If you live in a colder four-season climate, there’s lots to get done in the fall garden before the harsh winter weather sets in. I made this fall gardening checklist for you to print out and adapt for your garden. It covers urgent things like protecting tender plants and breakable garden art as well as all of the nice-to-get done items that give the spring garden a good jumpstart.
For more on how to prioritize garden tasks, see The Most Important Fall Gardening Tasks.

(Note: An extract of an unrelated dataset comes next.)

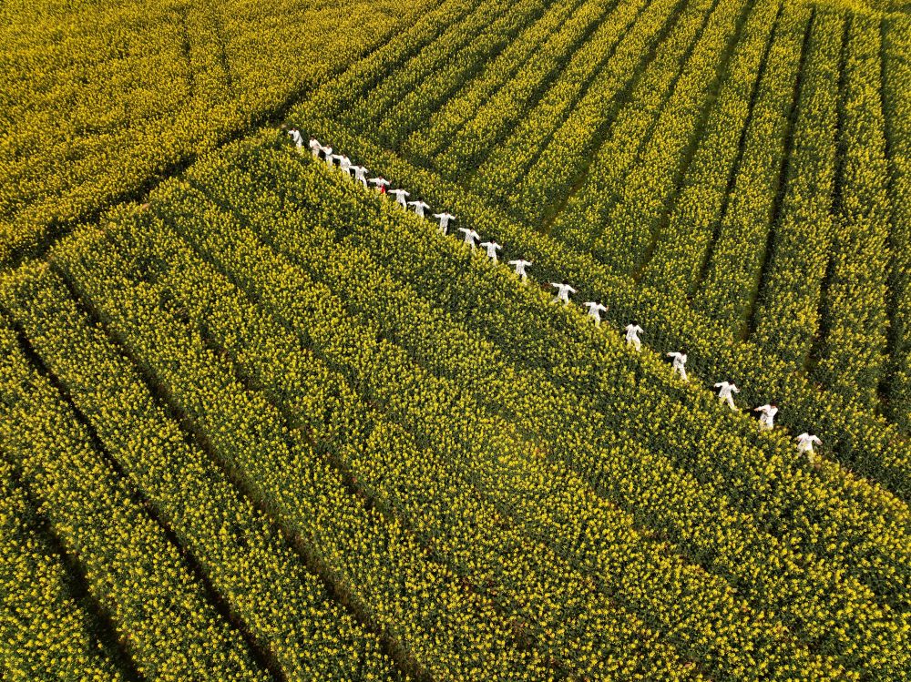 ↑2022年3月11日,太极拳爱好者在湖南省衡阳市衡阳县西渡镇的油菜田间练习太极拳(无人机照片)。

Fall Gardening Quick Links
Wait! Protect Stuff but Don’t ‘Clean Up’
Protect stuff like garden decor and art, and tender perennials, but leave dead and decaying plants, and seed pods right where they are. These are essential food and habitat for all of the life in our gardens. Most birds, bees, butterflies, and other insects and microbes do not migrate to warmer climates. They stay right here throughout the winter. All that ‘messy’ plant stuff keeps them safe for the winter. Let go of the urge to ‘clean up’: it only hurts them and, consequently, the health of your garden. Late spring is the time to cut back old perennial growth and make room for new growth. But there’s plenty of other things to take care as you’ll see.
Fall Gardening Checklist
I obviously cannot write a checklist that suits every climate and garden (I’m an Empress, not a wizard), but, if you are a cold climate gardener with four seasons, this should give you a good starting point. Use it to come up with your essential list.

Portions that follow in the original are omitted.